A flatter yield curve just bit another bank.

Cincinnati-based super-regional bank Fifth Third (NASDAQ:FITB) announced via an 8-K filing that results for the third quarter would be disappointing, due largely to the oft-mentioned flattening yield curve.

Fifth Third didn't provide any specific earnings-per-share guidance, but they did offer insight into a number of the company's moving parts. First, and perhaps most importantly, the company expects a sequential decrease in net interest income. That figure makes up about half of the company's profits, and the net interest margin has been skidding for some time now.

Looking elsewhere, the company sees mid-single-digit growth in earning assets, mid-single-digit deposit growth, and higher expenses. In the slim category of good news, credit quality seems to be staying more or less intact. The charge-off rate of bad loans was pretty much stable with the prior quarter.

Speaking more broadly, Fifth Third and many other banks are in a tough spot. Intense competition for borrowers is keeping a lid on mortgage rates, and equally intense competition for deposits is trying to push up those rates. It's never good to have pressure on both the "buy" and "sell" side.
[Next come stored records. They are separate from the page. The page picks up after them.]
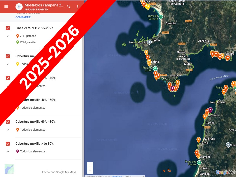 Resultados das mostraxes para a estimación da abundancia e da distribución de mexilla, previas á campaña de extracción de semente de mexillón 2025-2026.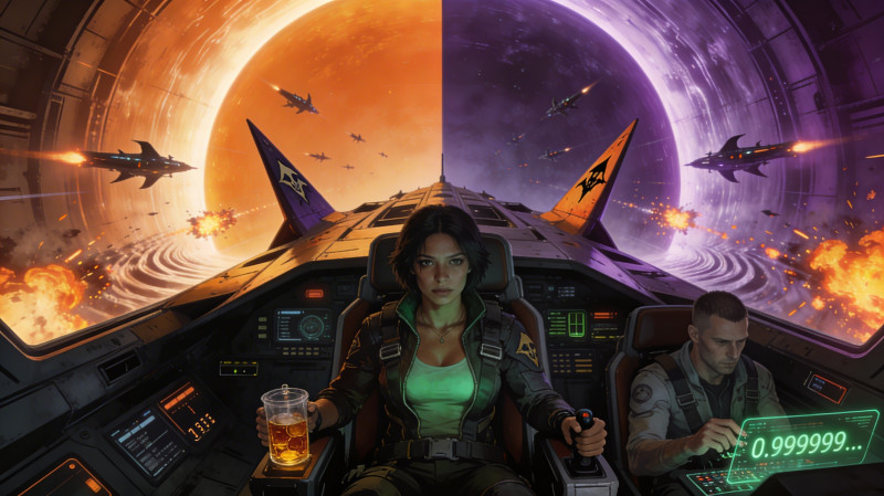 Груз казалита на борту должен удвоиться, такова чёртова физика. “Стрела” находилась на оранжевой стороне портала. Урму подташнивало. Колебания метрики рвали каждую клетку. Табло линейного времени давно сошло с ума. “Ничего, ничего. Эта дурная бесконечность закончится когда-нибудь”. – Алекс, быстрее с грогом, меня мутит. – Момент, кэп. Наполняю контейнер. Оказаться в камбузе самое последнее, что хотела Урма, там можно столкнуться со своими же двойниками. Датчик плотности казалита в трюме зашкаливало, груз искажает пространство-время не хуже самого портала, особенно в районе камбуза, где его плотность достигает пика. На фиолетовой стороне портала её казалита хватит на... Казалит это всё, от универсальной валюты до топлива гипердвижков. И добывается далеко за краями плоского мира. Урма потеряла счёт, что можно купить на то, что они уже набрали. Алекс досчитал до цены Т-точки, дальше его знания заканчивались, а сколько было ещё прыжков после этого. Может, хватит на целый сектор во внешнем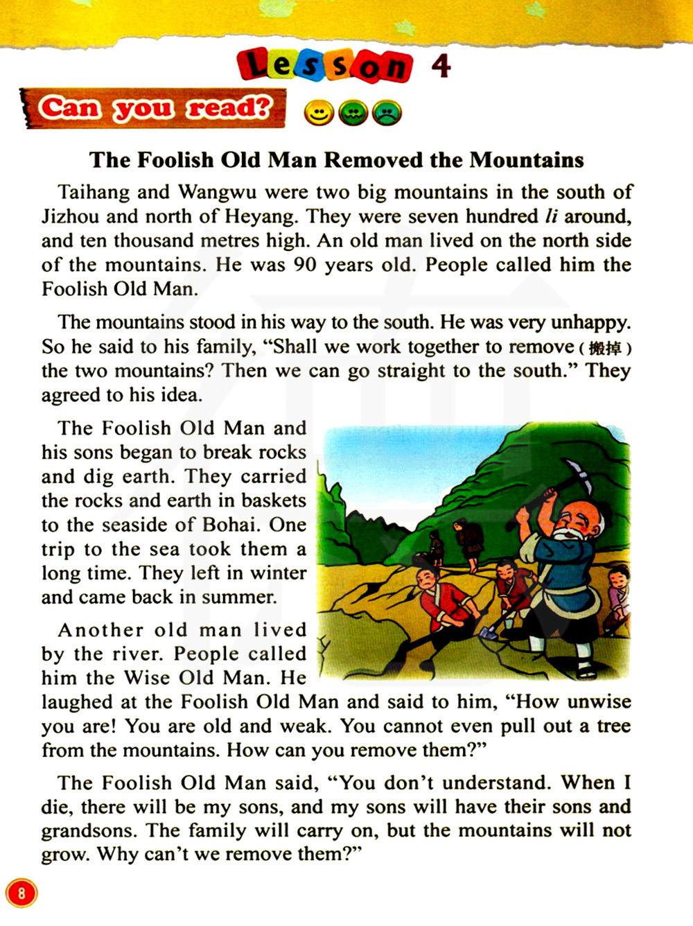 另一位老人住在河边。人们叫他智者。他嘲笑愚公,并对他说:“你真是不聪明啊!年龄老迈,体力又弱。.你连山上的一棵树都拉不动。 又怎么能铲平这座山呢?”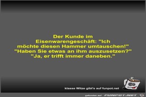 | Der Kunde im Eisenwarengeschäft Bild (26.06 KB) 4Lustiges → klasse Sprüche und Witze | Lustiges → klasse Sprüche und Witze | 06.11.23-11:02 | Fossy | |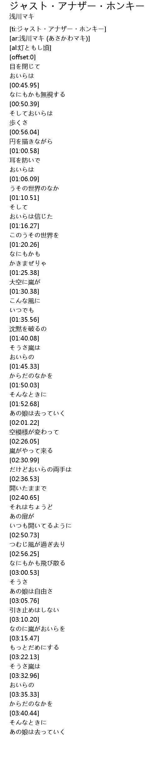 | [ti:ジャスト・アナザー・ホンキー] | |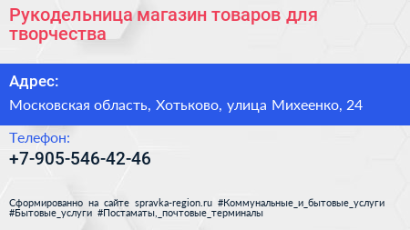 Рукодельница, магазин товаров для творчества по адресу Московская область, Хотьково, улица Михеенко, 24 в дальнейшем Организация, размещена в следующих категориях: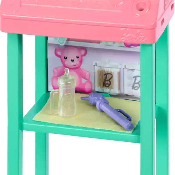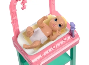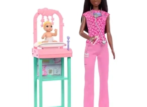 باربی یه لباس صورتی با طرح قلب پوشیده و گوشی پزشکی دور گردنش داره؛ کنارش یه نوزاد کوچولو هست که روی میز معاینه می‌شینه و با اسباب‌بازی ستاره‌ای بالای سرش سرگرم میشه تا باربی دکتر اونو معاینه کنه. این ست با اکسسوری‌هایی مثل شیشه‌ شیر و تب‌سنج تکمیل شده و برای بازی‌های تخیلی و داستانی عالیه. این ست تجربه‌ی یه مطب کوچیک نوزاد رو با میز معاینه و قفسه‌ی نگهداری لوازم رو برای بچه‌ها فراهم می‌کنه.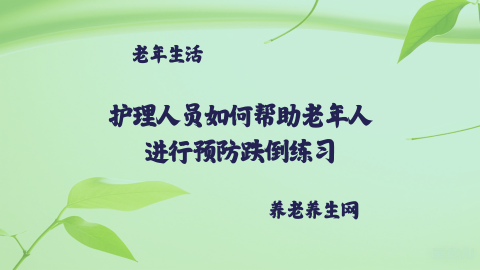 当护理人员与老年人一起进行预防跌倒练习时,他们可以加强与老年人的关系,同时也帮助他们对自己的能力更有信心。这种伙伴关系可以帮助老年人在人生的困难时期保持乐观和积极性。护理人员可以在预防跌倒方面发挥巨大作用,可以识别跌倒风险因素、解决家庭危险并协助老年人进行跌倒预防活动!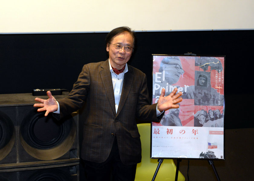チリ出身で、ラテンアメリカを代表するドキュメンタリー映画監督、パトリシオ・グスマンの幻の長編デビュー作『最初の年―民意が生んだ、社会主義アジェンデ政権』(1971年制作)が半世紀の沈黙を破り、日本初公開。現在、アップリンク京都(京都市中京区)で上映中です。12月7日には、日本共産党の前参院議員・井上哲士氏が、アップリンクの浅井隆社長とアフタートークしました。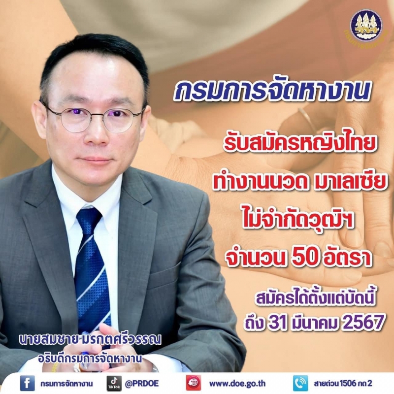 นายสมชาย มรกตศรีวรรณ อธิบดีกรมการจัดหางาน เปิดเผยว่า กระทรวงแรงงาน โดยกรมการจัดหางานเปิดรับสมัครคนหางานเพื่อไปทำงานกับนายจ้าง Thai Odyssey Sdn. Bhd. ประเทศมาเลเซีย (รอบที่ 2) ซึ่งประกอบกิจการร้านนวด ในตำแหน่งพนักงานนวด จำนวน 50 อัตรา ค่าจ้าง 3,000 ริงกิตต่อเดือน หรือประมาณ 22,195 บาท (ขึ้นกับอัตราแลกเปลี่ยน) มีระยะเวลาจ้างงาน 1 ปี โดยนายจ้างจะจัดหาที่พัก และจัดรถรับส่งไป-กลับ ระหว่างที่พัก-ที่ทำงาน จัดเตรียมอาหารให้วันละ 3 มื้อ จ่ายค่าตั๋วโดยสารเครื่องบินขาไป และค่ารถโดยสารประจำทางขากลับประเทศไทย เมื่อทำงานครบสัญญาจ้าง พร้อมประกันคุ้มครองการบาดเจ็บในระหว่างการทำงาน ประกันสุขภาพตามที่รัฐบาลประเทศมาเลเซียกำหนด และประกันสุขภาพแบบกลุ่ม โดยคุณสมบัติที่นายจ้างบริษัท Thai Odyssey Sdn. Bhd. แจ้งความต้องการ เป็นเพศหญิง อายุระหว่าง 21 - 44 ปี ไม่จำกัดวุฒิการศึกษา มีประสบการณ์ในการนวดไทย นวดเท้า โดยมีใบรับรองการฝึกอบรมการนวด อย่างน้อย 150 ชม. มีสุขภาพแข็งแรง ได้รับการตรวจสุขภาพกับโรงพยาบาลที่กำหนด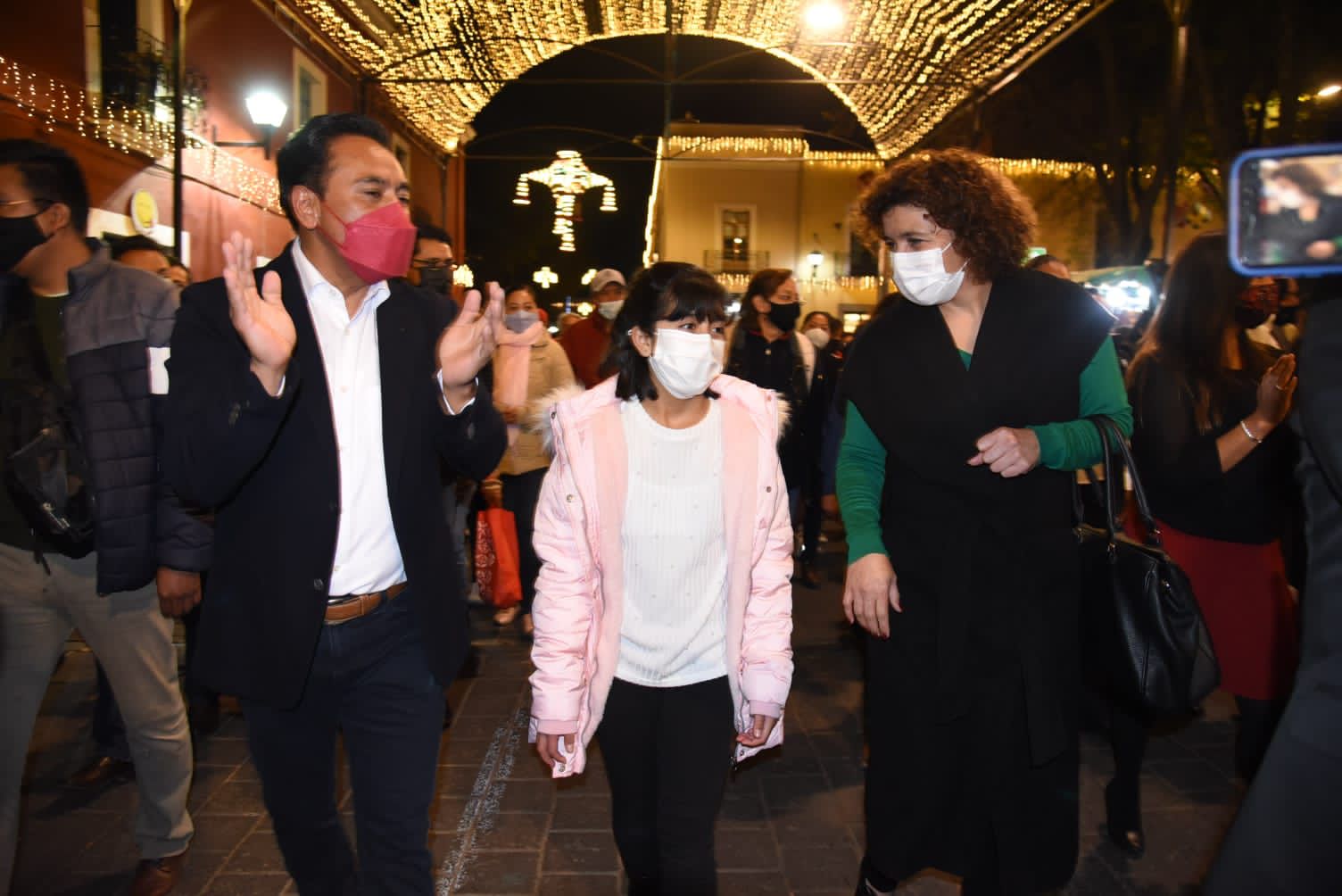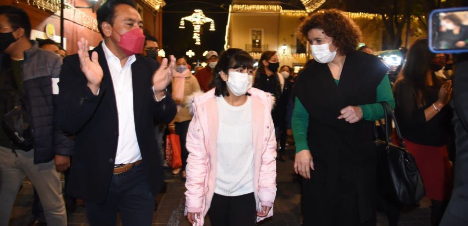 El alcalde de la Ciudad de Tlaxcala, Jorge Corochi, en compañía de la directora de los programas de bienestar social del Gobierno del Estado, María Fernanda Espinosa de los Monteros Cuéllar y la secretaría de turismo estatal, Josefina Rodríguez Zamora, encabezó el encendido de luces navideñas en la Plaza de la Constitución y dio inicio al “Festival Navideño en Tlaxcala Capital 2021”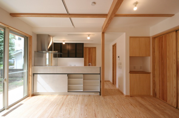 床は無垢杉板、壁は漆喰塗り、天井は土佐クロス貼り仕上げ。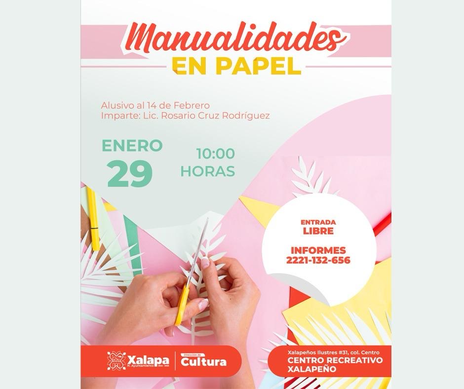 El miércoles 29 de enero, a las 10:00 horas, se realizará el taller de Manualidades en papel, impartido por Rosario Cruz Rodríguez, en el Centro Recreativo Xalapeño (CRX).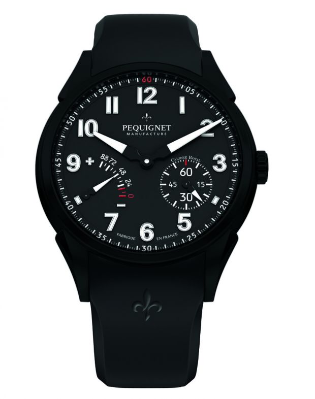 Côté cadran, outre heures et minutes, on retrouve une petite seconde décentrée à quatre heures, ainsi qu’un quantième de jour et de date, complétés par une réserve de marche indiquant les 88 heures d’autonomie de la pièce. Ce sont là les caractéristiques essentielles du Calibre Royal, mouvement emblématique – et manufacturé – de Pequignet. L’ensemble prend place dans un boitier de 44 mm en titane, décliné en cadran anthracite, blanc, marron (soleillé) ou noir, pour des prix de 5000 à 6500 euros.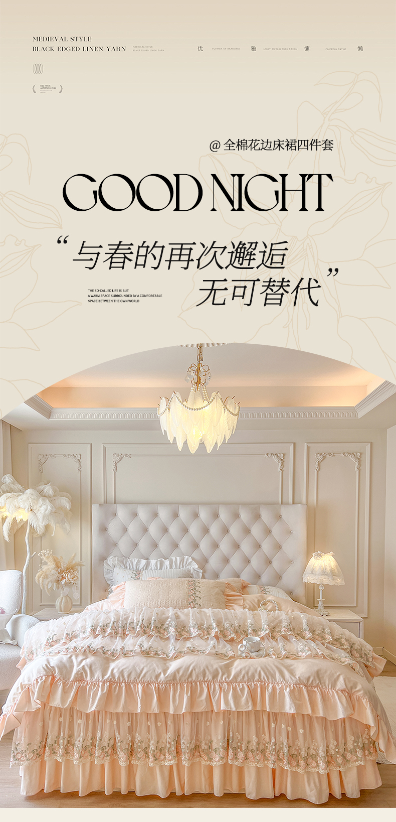 当前位置: 91家纺网 > 商品网购 > 床品套件 > 四件套 > 其它四件套 > (总)瑞宝 2025新款全棉花边床裙四件套系列-落日甜茶(控价308起)
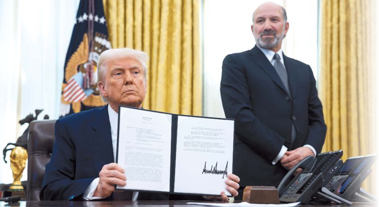 도널드 트럼프 미국 대통령이 13일(현지시간) 미 워싱턴 D.C.에 있는 백악관 집무실에서 상호관세를 세계 각국에 부과하는 대통령 각서에 서명한 뒤 이를 들어보이고 있다. 그는 해왔던 말대로 “관세는 좋은 것이다, 사실 아주 훌륭하다”라고 다시 한번 말했다. 주무 부처인 상무부의 하워드 러트닉 장관 지명자가 곁에서 손을 모은 채 대기하고 있다. [UPI]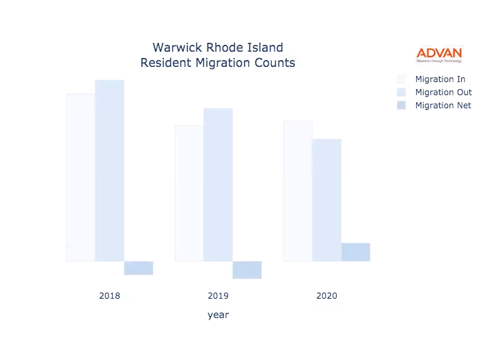 The charts below graph the inbound, outbound and net migration to the city of Warwick, RI for each year of data available. Data displayed on the charts is annually aggregated; the REPerspectives product allows analysis of mobility trends with monthly granularity by State, Zip, County and Census Block Group.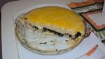 Misturar todos os ingredientes colocar metade da massa em um refratário untado com manteiga e farinha de rosca.

I've been eyeing this bank for a little while now, in hopes that it would be a turnaround candidate. So far, though, I'm not finding a compelling reason to buy the stock. With so many publicly traded bank stocks, I see no reason to reach too far for one. After all, Doral (NYSE:DRL), BB&T (NYSE:BBT), Citigroup (NYSE:C), M&T Bank (NYSE:MTB) and Commerce Bancorp (NYSE:CBH) are all out there too.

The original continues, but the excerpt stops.